Prof Masupe indicated this during a media update organised BITRI last week, allaying fears that Botswana’s poor ranking in ICT adoption and innovation capability would deter Botswana from achieving its knowledge based economy status, as government has pronounced.  
Masupe was briefing the media on the projects that BITRI is embarking on, highlighting that BITRI conducted its mid- term strategy review in February 2019 with an objective to take into cognizance the changes within the political, social, economic and technological environments within which BITRI exists since the formation of its first strategy in 2016.

BTIRI has a number of projects it is pursuing, including Kgalagadi Sand Building Block/Brick technology project, which BITRI is envisaged to set up twenty-nine (29) depots across the country by the end of the rollout phase. The creative technology relating to work has been patented, according to Masupe, with Kago Phepa Pty Ltd, a local company, being licensed by BITRI to manufacture the KSBB blend and supply the depots. BITRI has come up with a technology for the manufacturing of quality and affordable blocks/bricks using Kgalagadi sand as the aggregate and KSBB-specific cement blend as a binder.

“The KSBB Technology is patented and currently being rolled out throughout Botswana. To date there are five operational KSBB depots in Maubelo, Kasane, Lehututu, Phitshane-Molopo, and Takatokwane,” Masupe said. An additional five are under construction and anticipated to be completed by end of this year at Artesia, Charles Hill, Ghanzi, Gumare and Maun. BITRI is also studying the potential of local raw materials to produce Portland cement clinker in collaboration with Botswana Geoscience Institute (BGI).  

According Masupe the prospecting, sampling, qualitative and quantitative analysis of limestone and/ or calcrete deposits is on-going, and that prototyping clinker production will be informed by the fitness for purpose of the resources investigated with respect to quality and quantity. Prof Masupe updated on the various laboratories and facilities at BITRI such as the Centre for Materials Science (CMS), the Building Materials Testing laboratory, the 3D Printing (Additive Manufacturing) laboratory still under construction, as well as the Solar Thermal Testing Facility (STTF).

In April 2019, the BMS Testing facility attained accreditation under the revised version of ISO/IEC 17025 international standard from Southern African Development Community Accreditation Services (SADCAS) in the scopes of Civil Engineering and Mechanical Engineering.
“The BITRI Building Materials Testing laboratory targets the Civil, Mechanical Engineering and Construction industries in Botswana and the SADC Region.
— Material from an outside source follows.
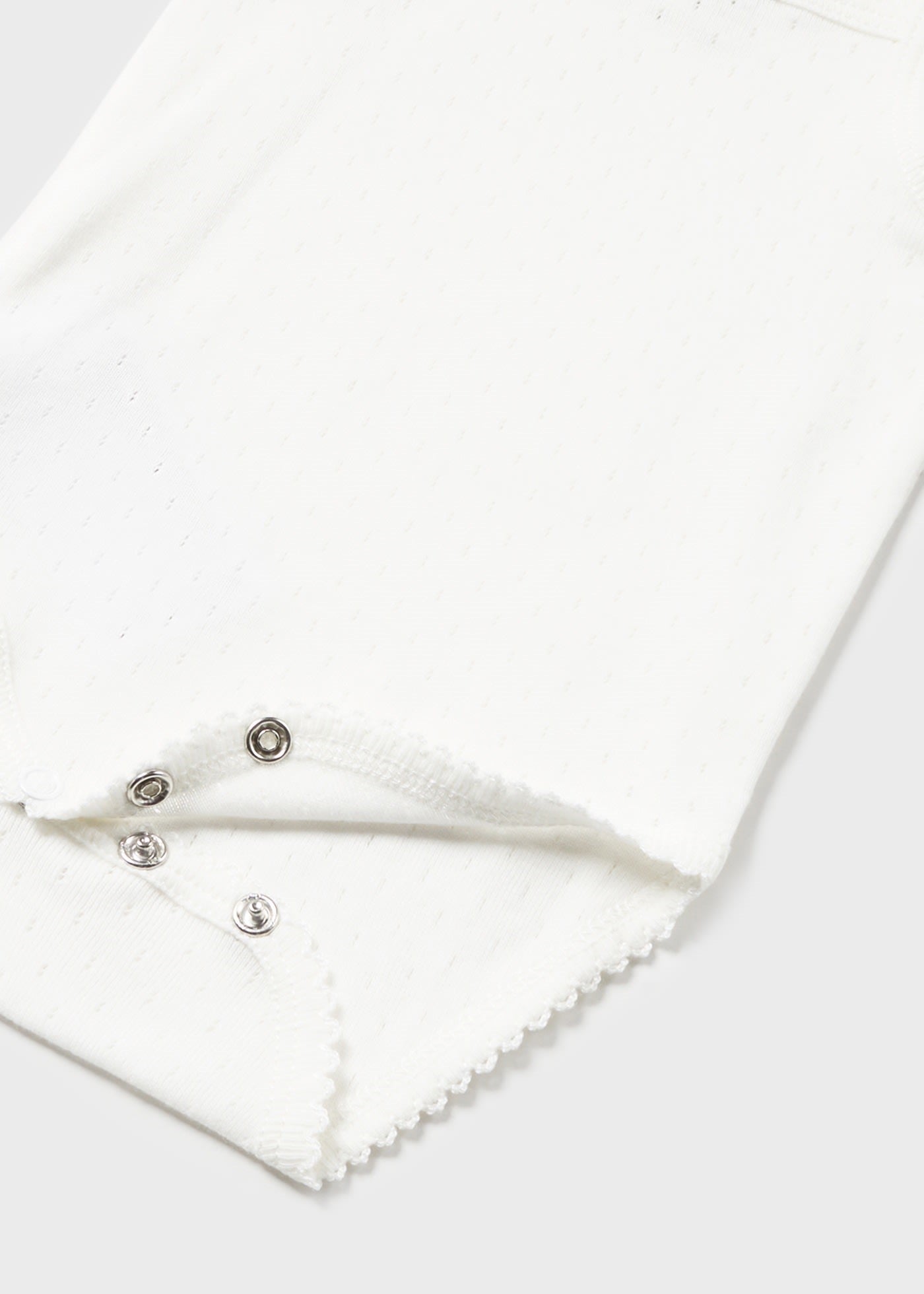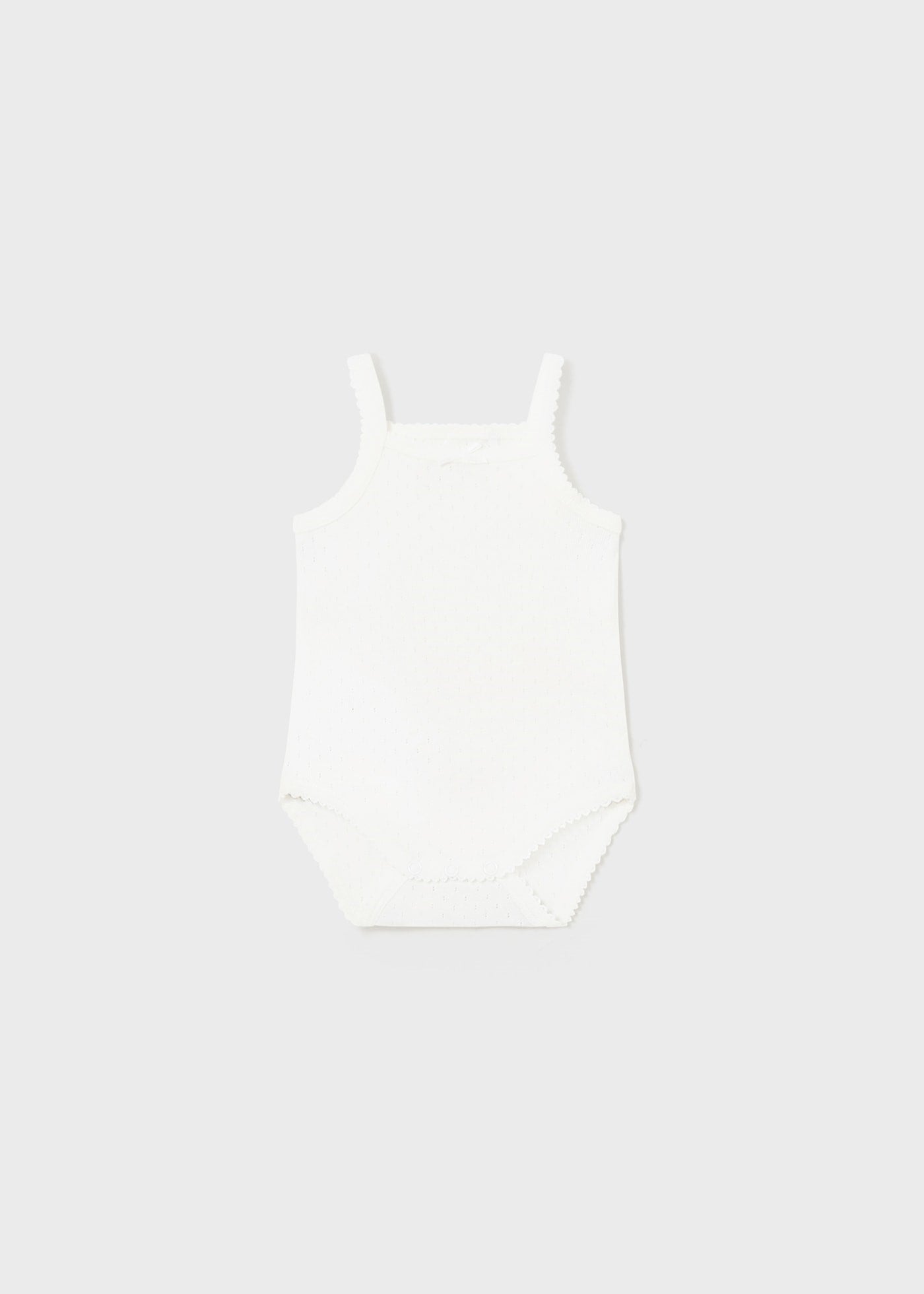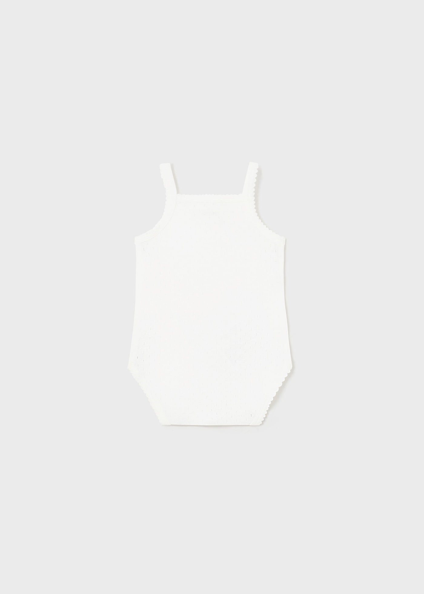 Este es un body para bebé de tirantes en color blanco, con detalles delicados en el borde del escote, las sisas y la parte inferior. Es ideal para usar como prenda básica.

It [the laboratory] has been accredited for two testing methods; Civil Engineering for Compressive Strength testing, and Mechanical Engineering for Tensile Strength testing. In addition, the laboratory has the competence to carry out Concrete Testing, Aggregate Testing, Cement Testing and Metal Testing,” Prof Masupe said.

“BITRI is also in the process of attaining accreditation for the CMS facilities with the SADCAS. Currently most of the testing jobs done by the mining, water distribution and built environment enterprises are done in South Africa. So, we are hopeful of benefiting from those transactions once our labs are accredited.” In partnership with Ministry of Agricultural Development and Food Security as well as United Nations Development Programme, BITRI has developed a Climate Smart Agriculture Lessons Learnt manual aimed at the use of climate smart technologies to increase productivity and farmers’ resilience.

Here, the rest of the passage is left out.